Graph of Records: Boosting Retrieval Augmented Generation for Long-context Summarization with Graphs

Haozhen Zhang, Tao Feng, Jiaxuan You


Abstract
Retrieval-augmented generation (RAG) has revitalized Large Language Models (LLMs) by injecting non-parametric factual knowledge. Compared with long-context LLMs, RAG is considered an effective summarization tool in a more concise and lightweight manner, which can interact with LLMs multiple times using diverse queries to get comprehensive responses. However, the LLM-generated historical responses, which contain potentially insightful information, are largely neglected and discarded by existing approaches, leading to suboptimal results. In this paper, we propose graph of records (GoR), which leverages historical responses generated by LLMs to enhance RAG for long-context global summarization.

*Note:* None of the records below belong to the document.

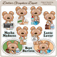 Questa collezione include adorabili orsetti baristi con un cartello sulla lavagna che recita: "Offerte speciali del giorno", un barattolo per le mance, un sacchetto di caffè macinato, una brocca di latte, barattoli di panna montata, una tazza di caffè con la scritta "I Love Coffee" , un sacchetto di chicchi di caffè, sciroppo di cioccolato, un cartone di latte di soia, una tazza di caffè da asporto con agitatore, un caffè freddo da asporto con cannuccia e una tazza di caffè caldo con la scritta "Best Barista word art, due baristi coordinati" cornici per orsi e tre grafiche di word art per il caffè: "Mocha Madness", "Latte Lover" e "Best Barista". Questo set contiene 11 grafiche.
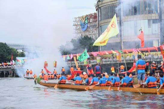 留住美丽乡愁,激发不竭精神动力 6月19日,番禺区洛溪村河面上飞桨逐浪,热闹祥和中一片欢声笑语。“龙舟竞渡 粽叶飘香”——“我们的节日·精神的家园”端午节主题活动在洛溪村渔人码头登场。龙舟竞渡、品龙船饭、体验插艾叶、挂香包等传统习俗相继亮相,让广大群众体验节日习俗,感受传统魅力。当天,村民们更在洛溪大桥下沿江摆起600桌龙船饭,6000余人言笑晏晏,共同体验喜庆的传统节庆氛围。
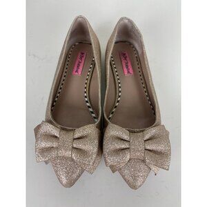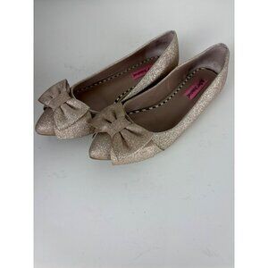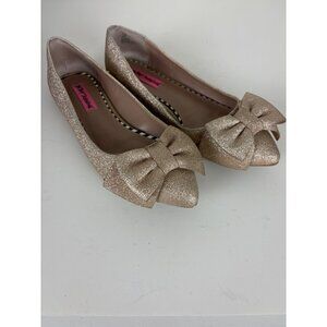 Betsy Johnson Gold Glitter Bow Pointed Toe Flats Size 7.5
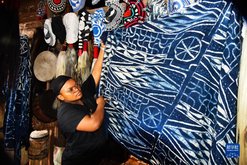 恩多普是主要流行于喀麥隆西部大區的一種布料,可以制成衣物、帽子和項鏈等。制作過(guò)程中,先用墨線(xiàn)在白色棉布上繪制紋樣,再用干燥的棕櫚葉脈做線(xiàn)把紋樣扎起來(lái),經(jīng)靛藍的植物染料浸染后,拆去棕櫚葉脈,便得到藍底白紋的恩多普。如今,眾多喀麥隆婦女投入恩多普制作領(lǐng)域,這不僅改善了她們的生活,也推動(dòng)了文化的傳承。
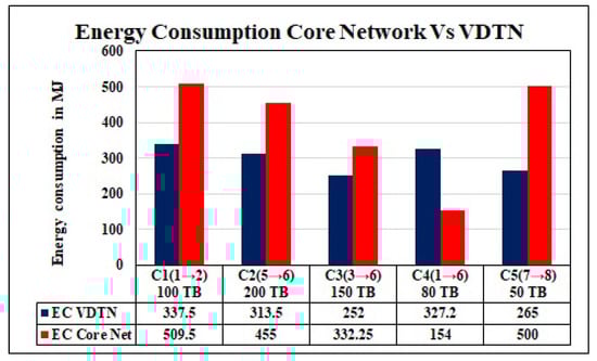 By using this multi-commodity flow model and our energy cost model, we evaluate the EC cost for a given set of five commodities (Figure 12) of delay-tolerant data, with a total data flow of 580 TB. We execute Algorithm 1 on SaS optimization tool [] to find a set P of energy-efficient paths and optimal solutions for a given set of commodities to transfer data by using road network. To calculate the EC of the traditional core network, we use graph by applying Equation (24), and unit cost for EC to transfer a data demand on each edge in MJ/TB is calculated in Table 4. Calculated results for the core network and VDTN are shown in Figure 12. It shows that our proposed data transport model outperforms the traditional core network, for all the commodities other than the commodity number 4. In this case the distance between the data source and destination is high. That is why vehicles consume more energy to transfer data at the final destination. Moreover, for this demand, a huge amount of energy is also consumed at intermediate nodes for data offloading from vehicle to intermediate nodes and uploading from intermediate nodes to vehicles. To transfer 580 TB data, the traditional core network consumes 1950 MJ energy, and our proposed vehicular network consumes 1495 MJ energy. In this way, our proposed vehicular network can save up to 24% of energy costs for these data assignments.

Inspired by the retrieve-then-generate paradigm of RAG, we construct a graph by establishing an edge between the retrieved text chunks and the corresponding LLM-generated response. To further uncover the intricate correlations between them, GoR features a graph neural network and an elaborately designed BERTScore-based objective for self-supervised model training, enabling seamless supervision signal backpropagation between reference summaries and node embeddings. We comprehensively compare GoR with 12 baselines across four long-context summarization datasets, and the results indicate that our proposed method reaches the best performance (e.g., 15%, 8%, and 19% improvement over retrievers w.r.t. Rouge-L, Rouge-1, and Rouge-2 on the WCEP dataset). Extensive experiments further demonstrate the effectiveness of GoR.
Anthology ID:
2025.acl-long.1159
Volume:
Proceedings of the 63rd Annual Meeting of the Association for Computational Linguistics (Volume 1: Long Papers)
Month:
July
Year:
2025
Address:
Vienna, Austria
Editors:
Wanxiang Che, Joyce Nabende, Ekaterina Shutova, Mohammad Taher Pilehvar
Venue:
ACL
SIG:
Publisher:
Association for Computational Linguistics
Note:
Pages:
23780–23799
Language:
URL:
https://preview.aclanthology.org/ingestion-acl-25/2025.acl-long.1159/
DOI:
Bibkey:
Cite (ACL):
Haozhen Zhang, Tao Feng, and Jiaxuan You. 2025. Graph of Records: Boosting Retrieval Augmented Generation for Long-context Summarization with Graphs. In Proceedings of the 63rd Annual Meeting of the Association for Computational Linguistics (Volume 1: Long Papers), pages 23780–23799, Vienna, Austria. Association for Computational Linguistics.
Cite (Informal):
Graph of Records: Boosting Retrieval Augmented Generation for Long-context Summarization with Graphs (Zhang et al., ACL 2025)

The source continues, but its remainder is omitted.